▶ [Work instruction]: Return, word for word, every entry in the listing below, but not its images.

•••••

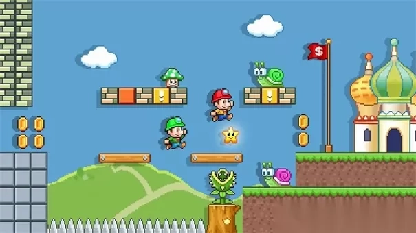 1. 复古像素视觉再现:以16位像素风格重现经典的马里奥世界,砖块碰撞、火焰发射等特效完美复刻FC主机的质感。在Boss战部分,融入高清动态渲染技术,既保留怀旧情怀,又极具视觉冲击力。
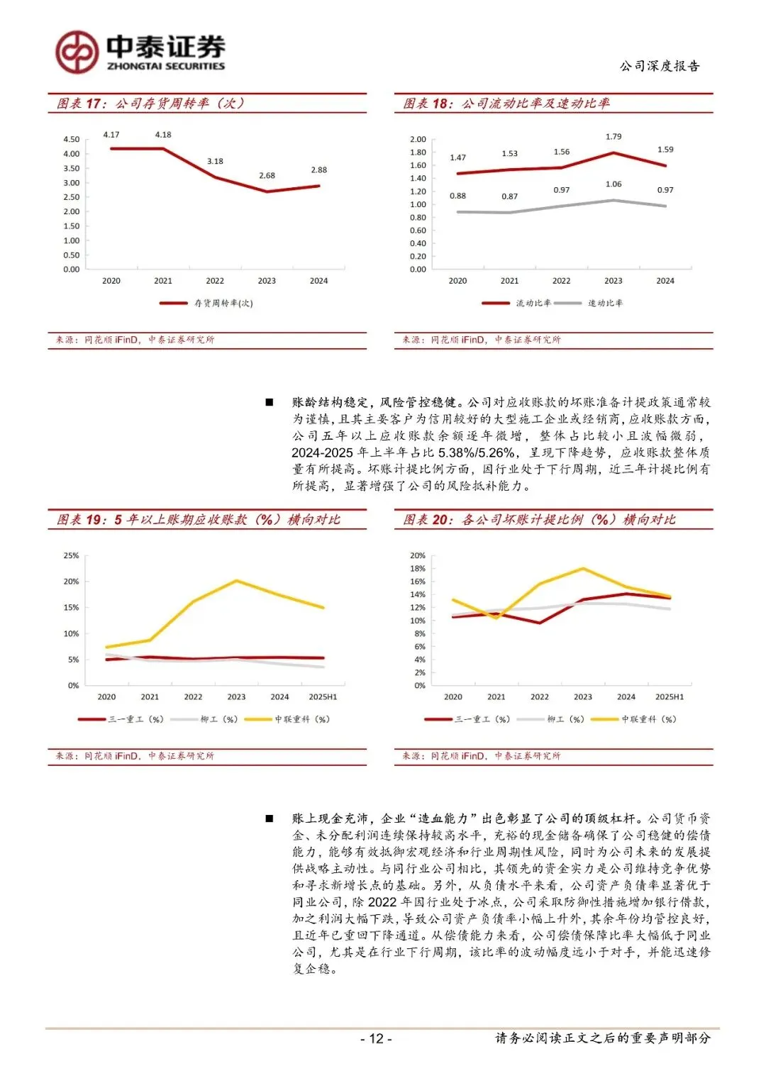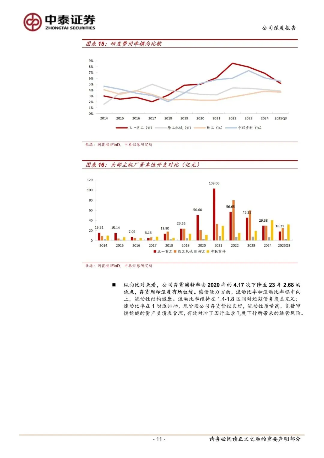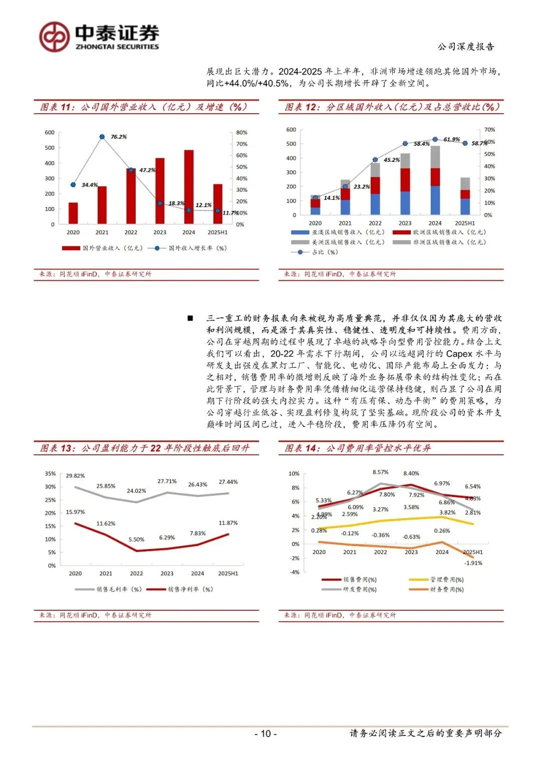 公司的财务报表向来被视为高质量典范,并非仅仅因为其宠大的营收和利润规模,而是源于其真实性、稳健性、透明度和可持续性。费用方面,公司在穿越周期的过程中展现了卓越的战略导向型费用管控能力。结合上文我们可以看出,20-22年需求下行期间,公司以远超同行的Capex水平与研发支出强度在黑灯丁工厂、智能化、电动化、国际产能布局上全面发力;与之相对,销售费用率的微增则反映了海外业务拓展带来的结构性变化;而在此背景下,管理与财务费用率凭借精细化运营保持稳健,则凸显了公司在周期下行阶段的强大内控实力。这种"有压有保、动态平衡"的费用策略,为公司穿越行业低谷、实现盈利修复构筑了坚实基础。现阶段公司的资本开支巅峰时间区间已过,进入平稳阶段,费用率压降仍有空间。
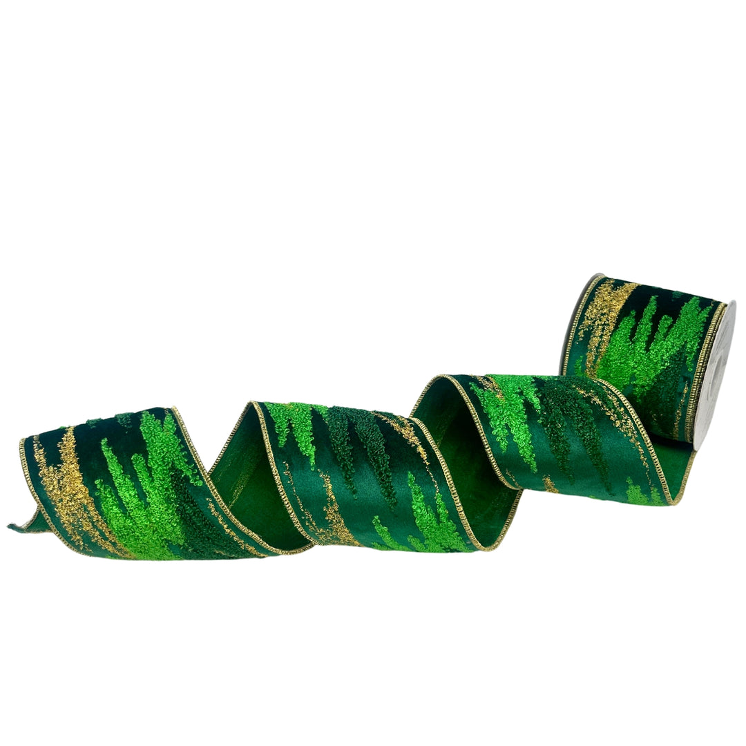 4inx10yd GREEN Abstract Velvet w/Green Back
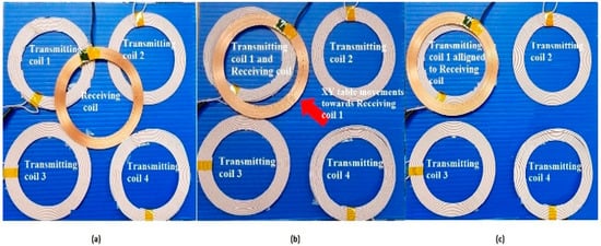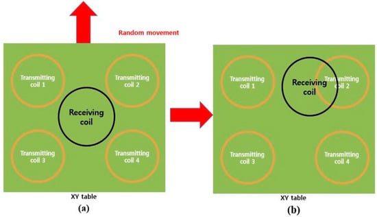 (a) Receiving coil’s initial position. (b) Receiving coil gets close to a transmitting coil after arbitrary movement.
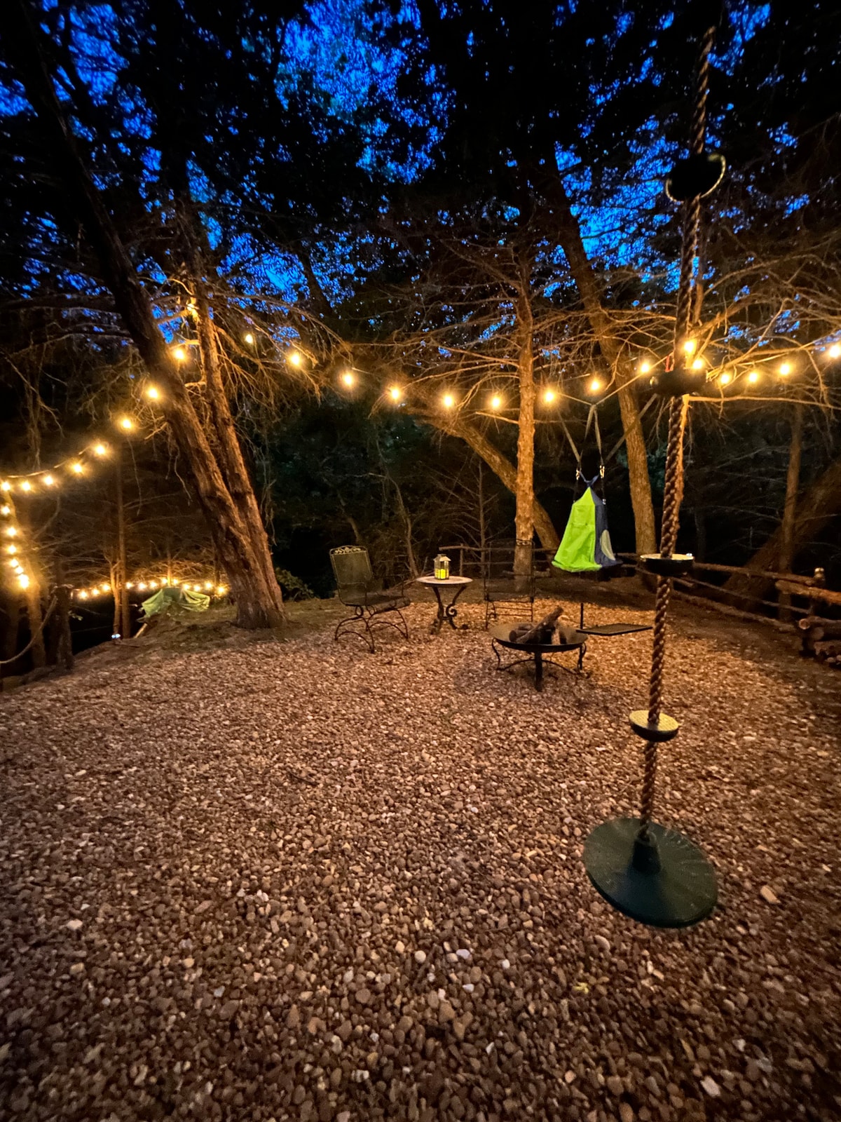 Chill on your deck at night soaking in the beauty of the sun setting over the lake, & marvel at the "firefly" solar lights in the tree illuminating your private nature sanctuary. Relax in your private hanging tree hammocks, or have some fun on the water and rent ON-SITE kayaks, paddle boards, or canoe. Rejuvenate with a private yoga, personal training, or massage session? We are a 4 minute walk to Stonehouse Vineyard winery, and just up the road from Krause Springs spring-fed swimming hole!
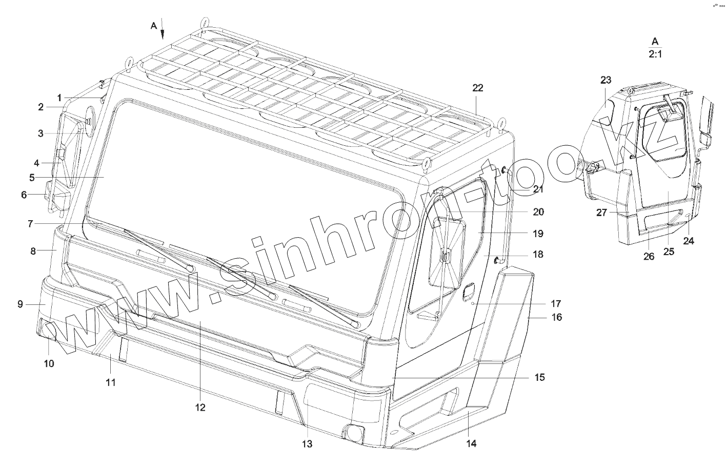Каталог запасных частей к технике: SANY QY50CS93. 60019171 Cab assy, operator
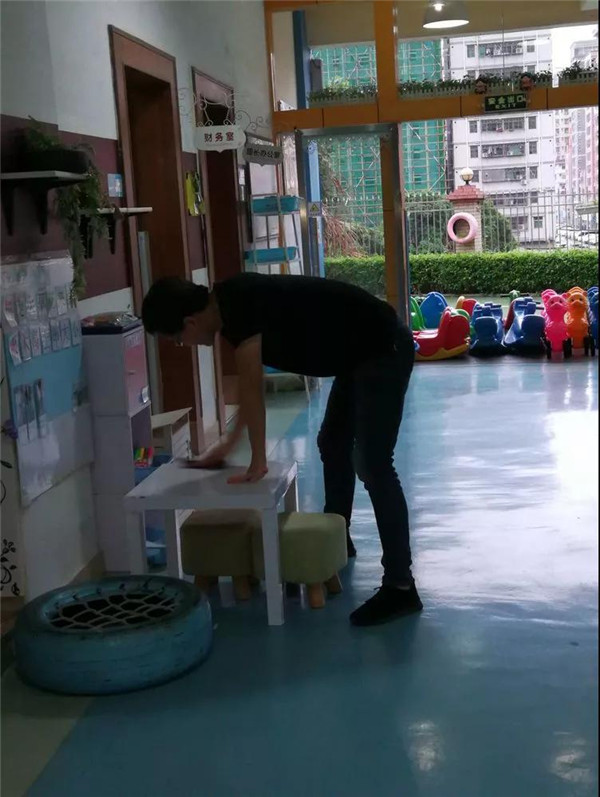 看,兩位爸爸參與消毒工作多認(rèn)真仔細(xì)。

•••••

▶ [Response below]:
 1. 复古像素视觉再现:以16位像素风格重现经典的马里奥世界,砖块碰撞、火焰发射等特效完美复刻FC主机的质感。在Boss战部分,融入高清动态渲染技术,既保留怀旧情怀,又极具视觉冲击力。
 公司的财务报表向来被视为高质量典范,并非仅仅因为其宠大的营收和利润规模,而是源于其真实性、稳健性、透明度和可持续性。费用方面,公司在穿越周期的过程中展现了卓越的战略导向型费用管控能力。结合上文我们可以看出,20-22年需求下行期间,公司以远超同行的Capex水平与研发支出强度在黑灯丁工厂、智能化、电动化、国际产能布局上全面发力;与之相对,销售费用率的微增则反映了海外业务拓展带来的结构性变化;而在此背景下,管理与财务费用率凭借精细化运营保持稳健,则凸显了公司在周期下行阶段的强大内控实力。这种"有压有保、动态平衡"的费用策略,为公司穿越行业低谷、实现盈利修复构筑了坚实基础。现阶段公司的资本开支巅峰时间区间已过,进入平稳阶段,费用率压降仍有空间。
 4inx10yd GREEN Abstract Velvet w/Green Back
 (a) Receiving coil’s initial position. (b) Receiving coil gets close to a transmitting coil after arbitrary movement.
 Chill on your deck at night soaking in the beauty of the sun setting over the lake, & marvel at the "firefly" solar lights in the tree illuminating your private nature sanctuary. Relax in your private hanging tree hammocks, or have some fun on the water and rent ON-SITE kayaks, paddle boards, or canoe. Rejuvenate with a private yoga, personal training, or massage session? We are a 4 minute walk to Stonehouse Vineyard winery, and just up the road from Krause Springs spring-fed swimming hole!
Каталог запасных частей к технике: SANY QY50CS93. 60019171 Cab assy, operator
 看,兩位爸爸參與消毒工作多認(rèn)真仔細(xì)。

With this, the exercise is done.